INFORMATION SUPPLIED —
Start of Block
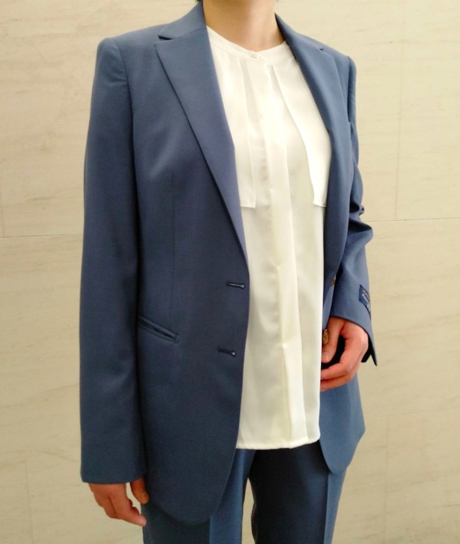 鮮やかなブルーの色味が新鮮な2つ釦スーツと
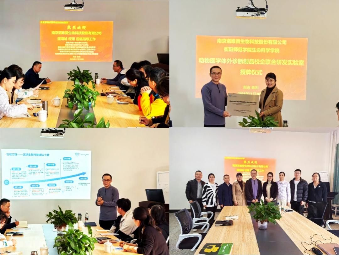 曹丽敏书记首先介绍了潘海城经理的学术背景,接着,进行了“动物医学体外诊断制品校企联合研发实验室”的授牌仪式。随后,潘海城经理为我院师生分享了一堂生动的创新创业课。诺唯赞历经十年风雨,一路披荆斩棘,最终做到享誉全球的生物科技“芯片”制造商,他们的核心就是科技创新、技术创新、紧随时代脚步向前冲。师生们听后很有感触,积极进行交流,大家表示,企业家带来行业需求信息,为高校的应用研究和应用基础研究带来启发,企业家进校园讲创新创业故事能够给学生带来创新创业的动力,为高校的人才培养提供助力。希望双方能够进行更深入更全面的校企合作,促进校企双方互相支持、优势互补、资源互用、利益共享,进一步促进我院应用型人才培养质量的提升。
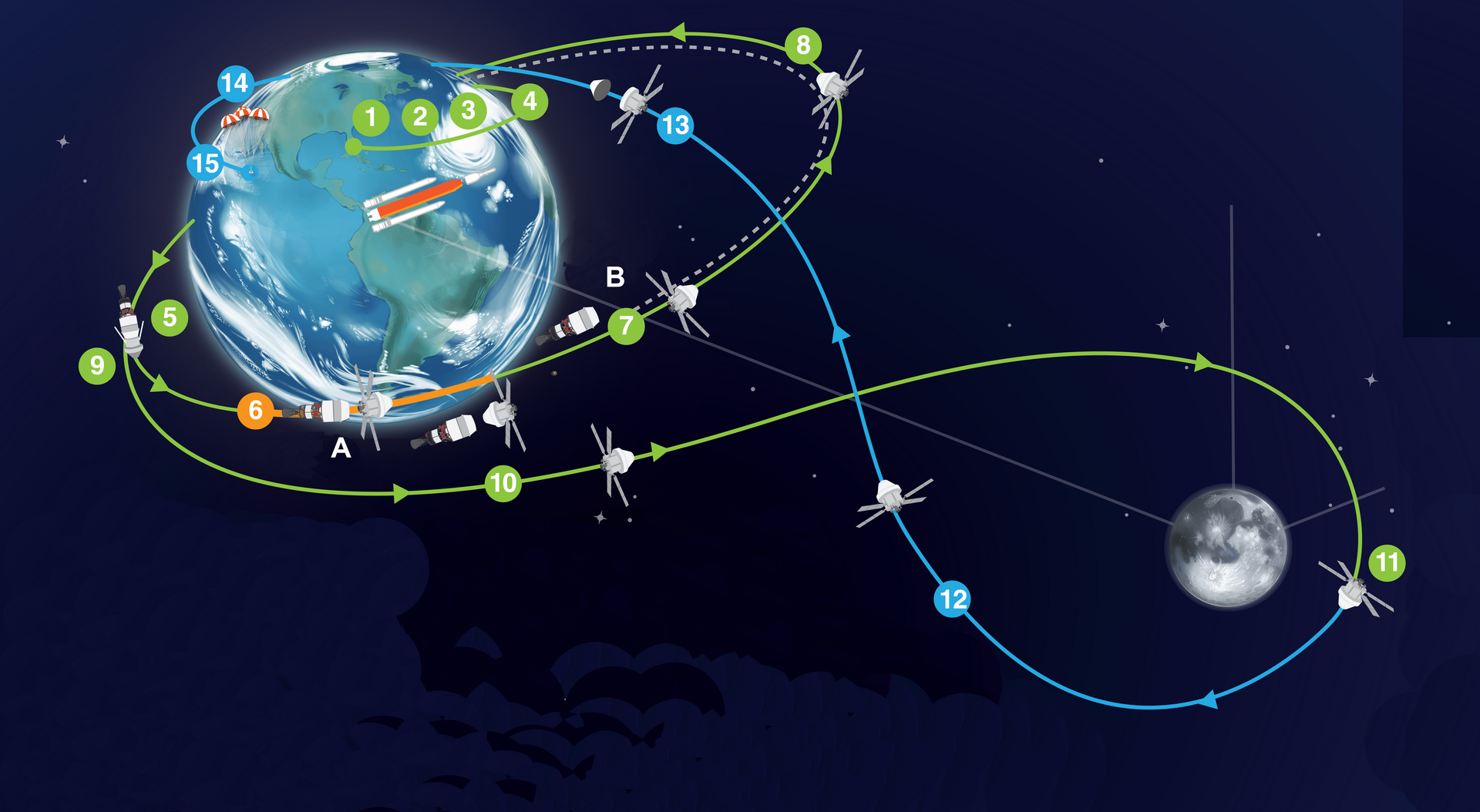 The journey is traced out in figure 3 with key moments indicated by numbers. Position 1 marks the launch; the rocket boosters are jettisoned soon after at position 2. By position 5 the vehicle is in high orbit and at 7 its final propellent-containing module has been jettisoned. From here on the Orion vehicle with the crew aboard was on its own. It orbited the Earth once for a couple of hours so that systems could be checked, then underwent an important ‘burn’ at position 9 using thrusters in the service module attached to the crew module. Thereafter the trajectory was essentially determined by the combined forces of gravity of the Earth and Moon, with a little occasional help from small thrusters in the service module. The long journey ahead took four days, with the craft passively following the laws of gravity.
End of Block
TASK GOAL —
Could you print the data exactly as it appears and keep the pictures out?

WRITTEN ANSWER —
 鮮やかなブルーの色味が新鮮な2つ釦スーツと
 曹丽敏书记首先介绍了潘海城经理的学术背景,接着,进行了“动物医学体外诊断制品校企联合研发实验室”的授牌仪式。随后,潘海城经理为我院师生分享了一堂生动的创新创业课。诺唯赞历经十年风雨,一路披荆斩棘,最终做到享誉全球的生物科技“芯片”制造商,他们的核心就是科技创新、技术创新、紧随时代脚步向前冲。师生们听后很有感触,积极进行交流,大家表示,企业家带来行业需求信息,为高校的应用研究和应用基础研究带来启发,企业家进校园讲创新创业故事能够给学生带来创新创业的动力,为高校的人才培养提供助力。希望双方能够进行更深入更全面的校企合作,促进校企双方互相支持、优势互补、资源互用、利益共享,进一步促进我院应用型人才培养质量的提升。
 The journey is traced out in figure 3 with key moments indicated by numbers. Position 1 marks the launch; the rocket boosters are jettisoned soon after at position 2. By position 5 the vehicle is in high orbit and at 7 its final propellent-containing module has been jettisoned. From here on the Orion vehicle with the crew aboard was on its own. It orbited the Earth once for a couple of hours so that systems could be checked, then underwent an important ‘burn’ at position 9 using thrusters in the service module attached to the crew module. Thereafter the trajectory was essentially determined by the combined forces of gravity of the Earth and Moon, with a little occasional help from small thrusters in the service module. The long journey ahead took four days, with the craft passively following the laws of gravity.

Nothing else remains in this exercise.